Ali also points out that clinical research shouldn’t be the only method for gathering qualitative data. “I believe that discussing psychedelics in the context of lived experiences by populations who have historically been marginalized can also provide its own source of valuable knowledge,” he says.
Addressing Accessibility for Marginalized Groups
Ensuring inclusivity of underrepresented groups isn’t only about equity and fairness, though. BIPOC also experience significantly higher rates of racial trauma than white people, which can present symptoms similar to PTSD, like flashbacks, nightmares, headaches, and heart palpitations, according to the American Psychological Association. Given promising results of psychedelic clinical trials for PTSD, it stands to reason BIPOC could also benefit even more from these therapies.
Unfortunately, according to Lisa Sky, a somatic educator and bodyworker, because psychedelics research has primarily catered to white people, most data only reflects how psychedelics affect white people. “I think we need to broaden our lens for how we could help people with other types of problems,” she says in an interview for Mic.
Monnica Williams, an associate professor of psychology at the University of Ottawa and co-creator of Canada’s first Psychedelic Studies program, agrees. “I could do a million-dollar psychedelic study with only professional white women, and let’s say it works great,” she says in the same Mic article. “But I don’t know how well it’s going to work on a Bolivian American man.”

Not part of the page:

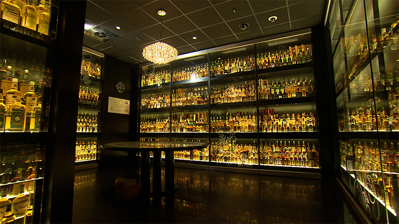 一番の見所は、3,384本のウイスキーがずらりと展示されたコレクションルーム。展示されているウイスキーは、1人の愛好家が35年かけて集めたもの。ひとつとして同じものはなく、全て未開封。
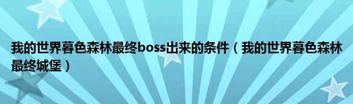 大家好,小联来为大家解答以上的问题。我的世界暮色森林最终boss出来的条件,我的世界暮色森林最终城堡这个很多人还不知道,现在让我们一起来看看吧!

And, once psychedelics leave the clinical trials phase and become approved for therapeutic use, there’s also the question of who will be able to afford it, whether or not it will be covered by insurance, and who will have access to information about treatments.
“It’s up to us to find ways to disseminate resources and stop leaving them at the top, in the most elite research institutions,” Jamilah George says, referring to herself and fellow psychotherapists leading the psychedelic renaissance. “We have to find ways to take this information and bring it down, so it’s accessible.”
But it’s impossible to fully address these challenges without addressing existing systemic issues in healthcare, law enforcement, academia, and cultural representation in general. Access to psychedelics could help address racial trauma and promote significant healing for BIPOC but, until the industry better reflects the populace and honors those indigenous groups who first cultivated and worked with psychedelics, accessibility will continue to be an uphill battle.